Competition among law firms, for clients as well as for attorneys, remains fierce. Origination credits have long been a way of incentivizing business development, as well as providing a form of compensation that works as a strong recruiting tool.

But the historical methods for distributing origination credits may no longer be compatible with the current cultures and priorities of many firms. Moreover, they can create issues that undermine their intent. If any of these problems plague your firm, you may want to retool your policy for origination credits.

THE ORIGINATION CREDIT CONUNDRUM

Law firms have long given an origination credit to the partner who brings in a new client. That attorney often continues to receive credit for all work flowing from that client, even if he or she is not involved in it. Such an approach is replete with problems. Most obviously, it discourages collaboration.

It also can lead to frustrated younger attorneys. If some senior attorneys share their credits but others do not, the associates assigned to the latter — even though perhaps performing the same as the former — earn less. Further, associates might plead to work with the former, leaving the clients of non-sharers underserved. The traditional approach does not nurture business development relationship building in associates early on and it may push them to seek competitors who award associates for such efforts.

In addition, it does not serve clients well. The originating partner may hoard work that a colleague is better qualified to do, or can more efficiently perform. Partners might not assemble the strongest proposal team for a certain opportunity because they do not want to share the credit. This could also affect who is selected to work on a client team.

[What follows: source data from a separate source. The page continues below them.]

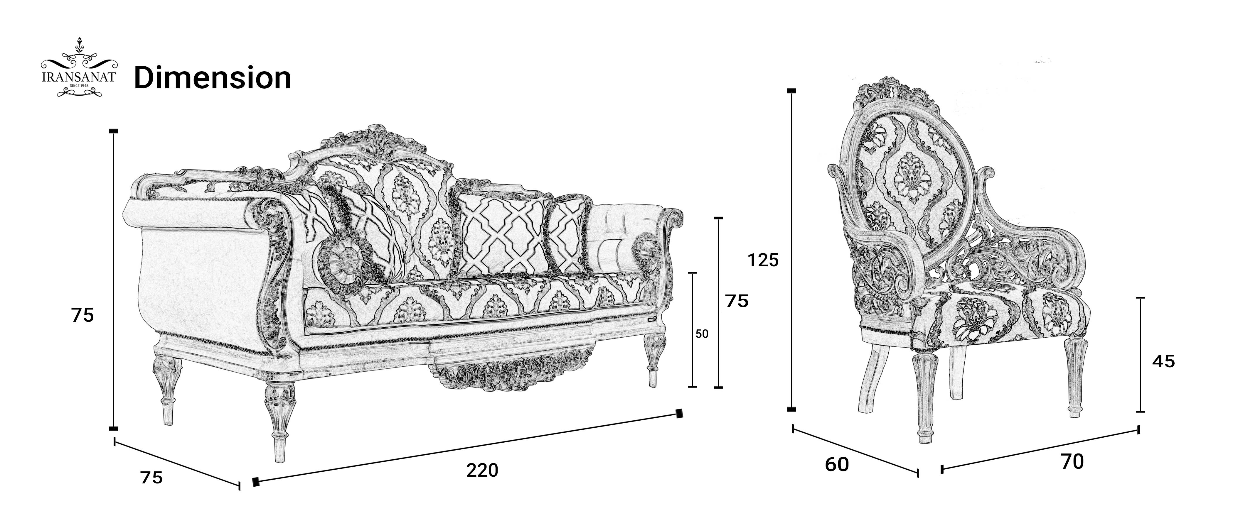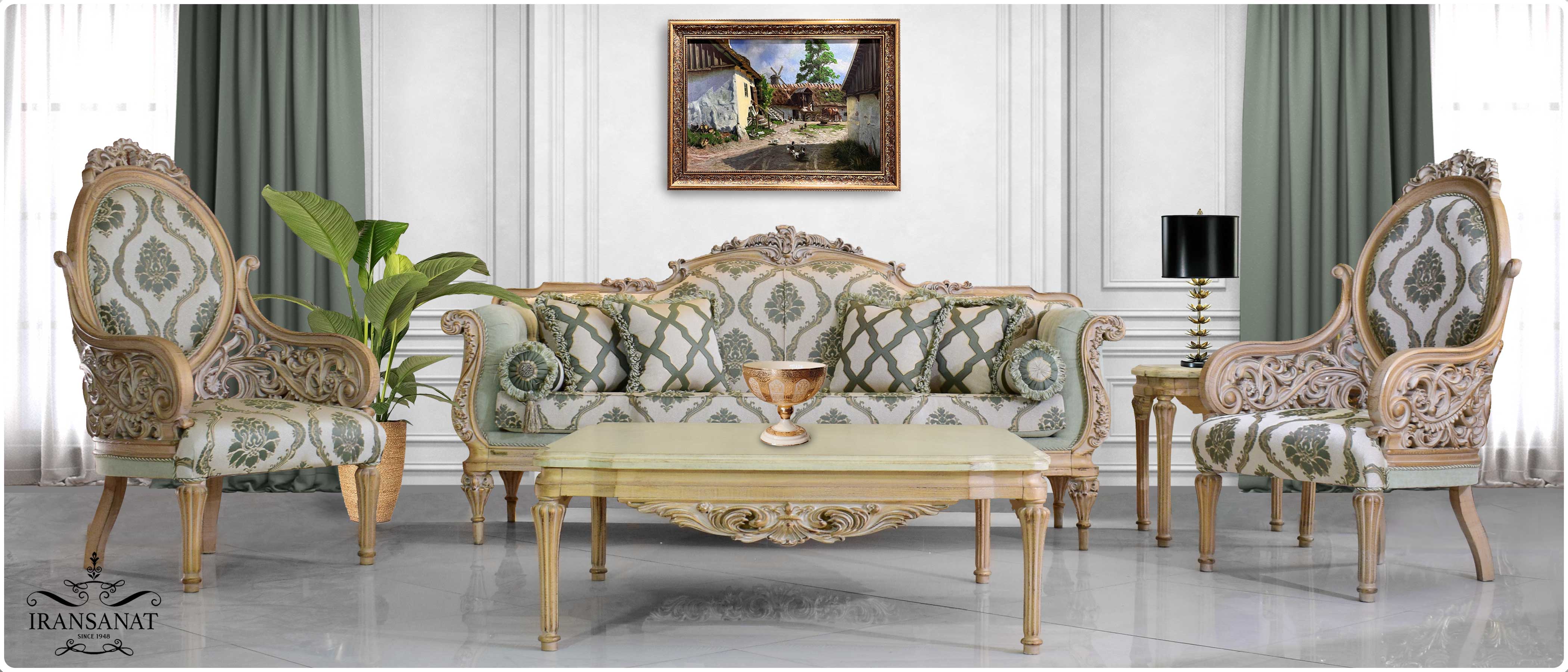 هارمونی بی نظیر طرح پارچه ترک با گل های منبت مبل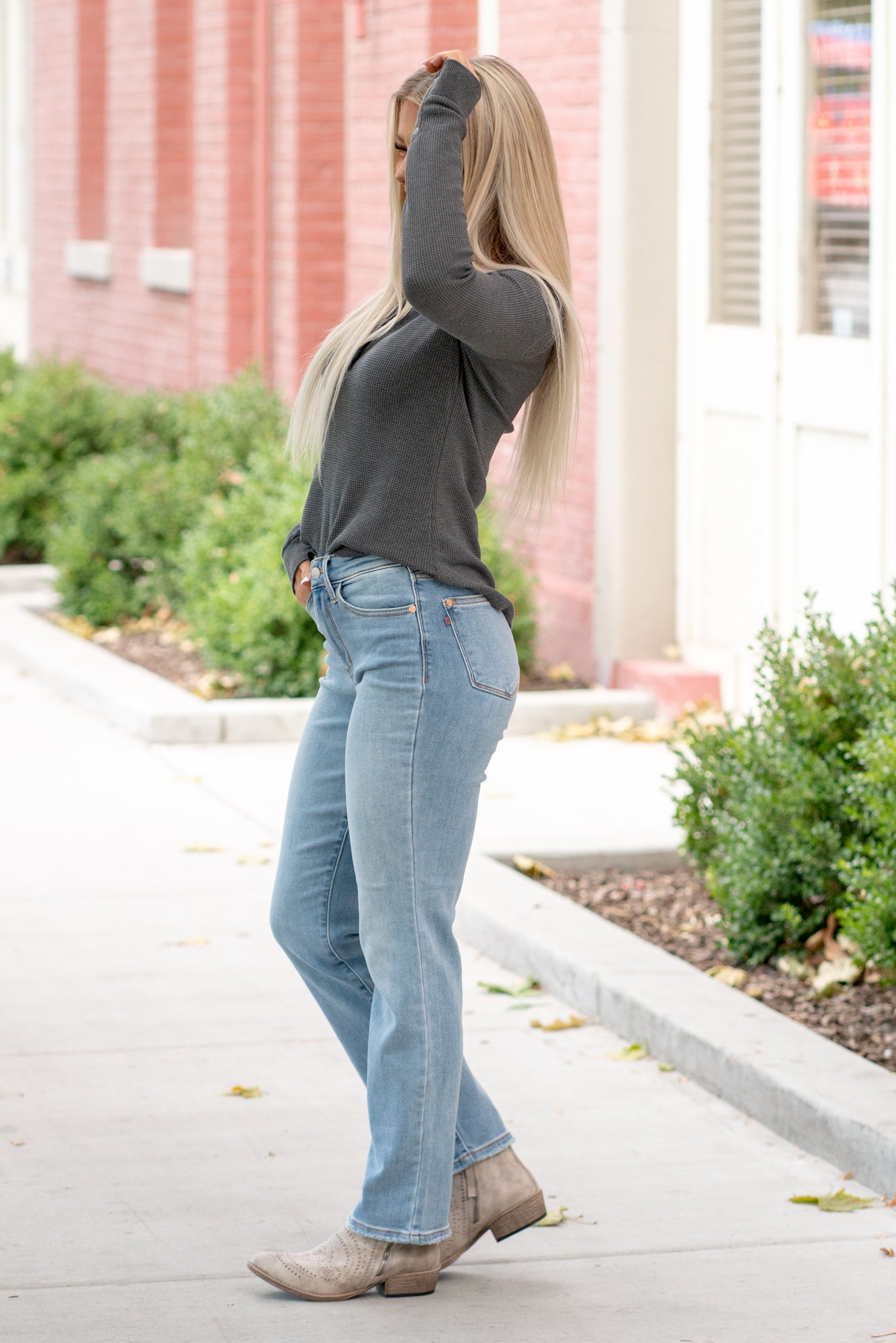 Judy Blue jeans run generous and are very stretchy compared to other brands. We recommend sizing down one size in the skinny jeans, flares, and boot cuts and 2 sizes in the boyfriends or relaxed denim.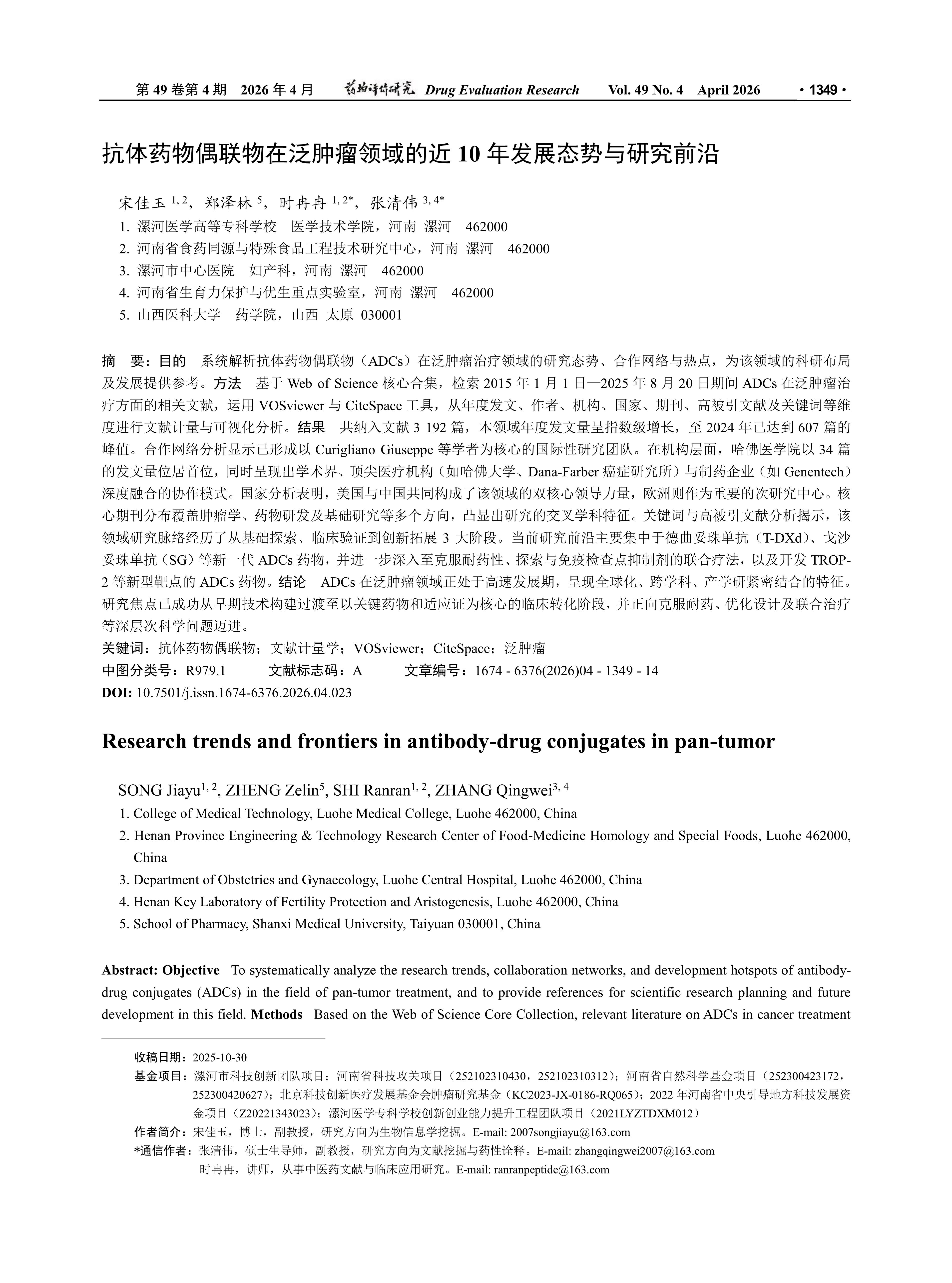 抗体药物偶联物在泛肿瘤领域的近10年发展态势与研究前沿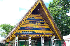 Voorgevel van traditionele 'Bai' beschilderd met historische taferelen uit mythen en legendes |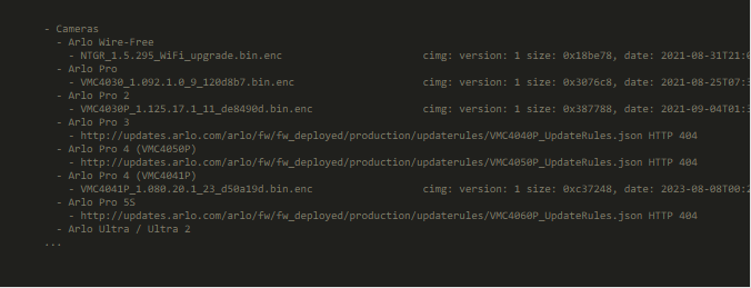 //updates.arlo.com/arlo/fw/fw_deployed/production/updaterules/VMC4041P_UpdateRules.json ( VMC4041P 是 Arlo Pro4 的模型 ID)。这个 JSON 文档包含了二进制路径、版本和日期,以及二进制的 MD5 哈希值。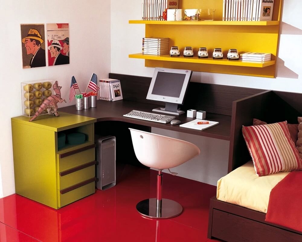 Если пространства комнаты хватает, можно приобрести школьнику стол Г-образной формы, который решает сразу несколько проблем – он сохраняет и большое рабочее место, и место для компьютера. Разделяя зону на две, можно не бояться, что школьник подвергается компьютерному излучению или совмещает домашние задания с прохождением компьютерной игры.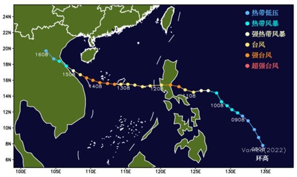 (2)台风“环高”2020年11月9日下午在菲律宾以东洋面上生成,登陆菲律宾(强台风级)后穿过南海中部海域,之后在越南沿海登陆(强热带风暴级,见图4)。“环高”造成菲律宾因灾死亡101人,失踪10人。

Finally, the traditional approach undermines succession planning. A partner approaching retirement may want to hold on to a credit as long as possible. This can result in inadequate time and exposure to successfully transition clients to younger attorneys.

A BETTER APPROACH

No firm should be locked into its current origination credit system. Firms can and should refine systems to be more equitable, prioritize teamwork and apply attorneys to their highest and best uses. When doing so, firms should keep several considerations in mind beyond just basing the credit amount on fees collected, which is the simplest and most straightforward formula.

Consider awarding credit to attorneys who bring value to a client's ongoing relationship with the firm, especially in retaining the client through various challenges that may have been encountered or expanding the client services into additional, unrelated areas, regardless of whether they originally brought the client on board. That means making other partners, associates and possibly even paralegals eligible for credit sharing. For example, your firm might opt to award origination sharing to partners who develop new business with existing clients.

Firms should develop a specific policy for credit-sharing, with clear metrics for what will be measured and compensated. The policy should also address how a credit will be distributed when the originating attorney departs.

It is wise to allocate origination credits by matter, not by client. Such allocation also encourages other attorneys to expand the client relationship, growing revenues for the firm.

Firms should provide a mechanism to incentivize senior attorneys to transition relationships in a timely manner before retirement. For example, you might double the credit in the years before retirement so both the senior lawyer and the lawyer taking over get credit.

ONE SIZE DOES NOT FIT ALL

There is no universal origination credit policy that will work equally well for all law firms. Take the time to develop a policy that reflects your firm's specific culture, goals and values.

The content of this article is intended to provide a general guide to the subject matter. Specialist advice should be sought about your specific circumstances.